The female lays eggs in the buds of chestnut trees, sometimes producing over 100 eggs. The wasp is thelytokous, producing fertile eggs by parthenogenesis, without fertilization by a male. Oviposition occurs in the summer. Larvae hatch from the eggs but do not begin growing immediately. Their growth begins the following spring, when the tree buds begin to develop. At this time, the larvae induce the formation of galls on the tree. The galls are green or pinkish and up to 2 centimeters wide. The larvae develop inside the protective gall structures and emerge from them as adults. The galls dry out and become woody. The galls can be very damaging to the tree. They occur on the new growth of the tree, disrupting the fruiting process, and can reduce a tree's yield up to 70%. They are even known to kill trees. The wasp can fly, but it is distributed to new territory more often by human activity, such as the planting of new trees and the transport of infested wood.

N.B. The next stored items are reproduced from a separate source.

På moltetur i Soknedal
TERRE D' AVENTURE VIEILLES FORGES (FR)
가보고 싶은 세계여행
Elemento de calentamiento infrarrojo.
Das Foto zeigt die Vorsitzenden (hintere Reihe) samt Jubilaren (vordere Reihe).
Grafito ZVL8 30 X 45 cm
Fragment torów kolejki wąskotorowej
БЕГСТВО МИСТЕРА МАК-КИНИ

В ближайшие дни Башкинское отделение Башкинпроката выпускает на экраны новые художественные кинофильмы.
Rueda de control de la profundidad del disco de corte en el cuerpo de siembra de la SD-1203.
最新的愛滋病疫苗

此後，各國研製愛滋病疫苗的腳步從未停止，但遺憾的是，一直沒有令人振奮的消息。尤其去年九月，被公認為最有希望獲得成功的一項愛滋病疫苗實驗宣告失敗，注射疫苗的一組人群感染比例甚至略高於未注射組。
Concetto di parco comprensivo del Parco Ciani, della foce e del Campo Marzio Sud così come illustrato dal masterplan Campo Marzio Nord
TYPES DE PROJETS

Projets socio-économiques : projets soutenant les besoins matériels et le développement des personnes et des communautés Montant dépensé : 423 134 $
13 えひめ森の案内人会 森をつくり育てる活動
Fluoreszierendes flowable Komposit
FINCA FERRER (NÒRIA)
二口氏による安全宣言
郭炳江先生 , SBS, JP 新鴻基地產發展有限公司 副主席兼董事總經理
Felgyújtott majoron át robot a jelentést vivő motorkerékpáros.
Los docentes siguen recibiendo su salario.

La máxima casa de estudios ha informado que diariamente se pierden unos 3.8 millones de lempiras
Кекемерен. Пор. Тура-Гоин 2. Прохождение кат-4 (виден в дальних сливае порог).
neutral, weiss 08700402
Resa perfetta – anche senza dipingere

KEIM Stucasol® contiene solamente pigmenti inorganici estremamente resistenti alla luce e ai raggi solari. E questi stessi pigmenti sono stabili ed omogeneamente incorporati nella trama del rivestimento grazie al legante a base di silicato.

The presence of galls can also increase the likelihood of the tree's becoming infected with chestnut blight, a condition caused by the fungus Cryphonectria parasitica. The opened gall left by the wasp after it matures and departs may be an entrance through which the fungus can infest the tree's tissues. The galls can also become infected by the sweet chestnut pathogen Gnomoniopsis smithogilvyi.

Chestnut species affected by the gall wasp include Japanese chestnut (Castanea crenata), American chestnut (C. dentata), Chinese chestnut (C. mollissima), European chestnut (C. sativa), Seguin chestnut (C. seguinii), Henry's chinquapin (C. henryi), and hybrids. So far it has not been observed on the Allegheny chinquapin (C. pumila).

Control measures include pruning infested buds off trees and protecting buds with netting. These methods are not practical for large numbers of trees, such as commercial orchards. In China, with lower labour costs, Chinese chinquapin (Castanea seguinii) is used as a trap crop. By planting a hedge of C. seguinii around C. mollissima (Chinese chestnut) orchards, the wasps will first encounter and attack the buds of the less valuable C. seguinii, allowing the galled twigs to be cut off and destroyed. Pesticides are generally not effective because the insects take cover inside the galls. One gall wasp control method which has been successful is the introduction of the torymid wasp Torymus sinensis. This parasitoid is used as an agent of biological pest control against the gall wasp in Japan. Research is underway to determine where else it might be appropriate to release the parasitoid. A number of other parasitoids have been noted with the gall wasp, including the torymids Torymus beneficus, T. geranii, and Megastigmus nipponicus, the ormyrid wasps Ormyris punctiger and O. flavitibialis, and the eurytomid wasps Eurytoma brunniventris and E. setigera. These species do not make effective control agents, as their rates of parasitism are not high.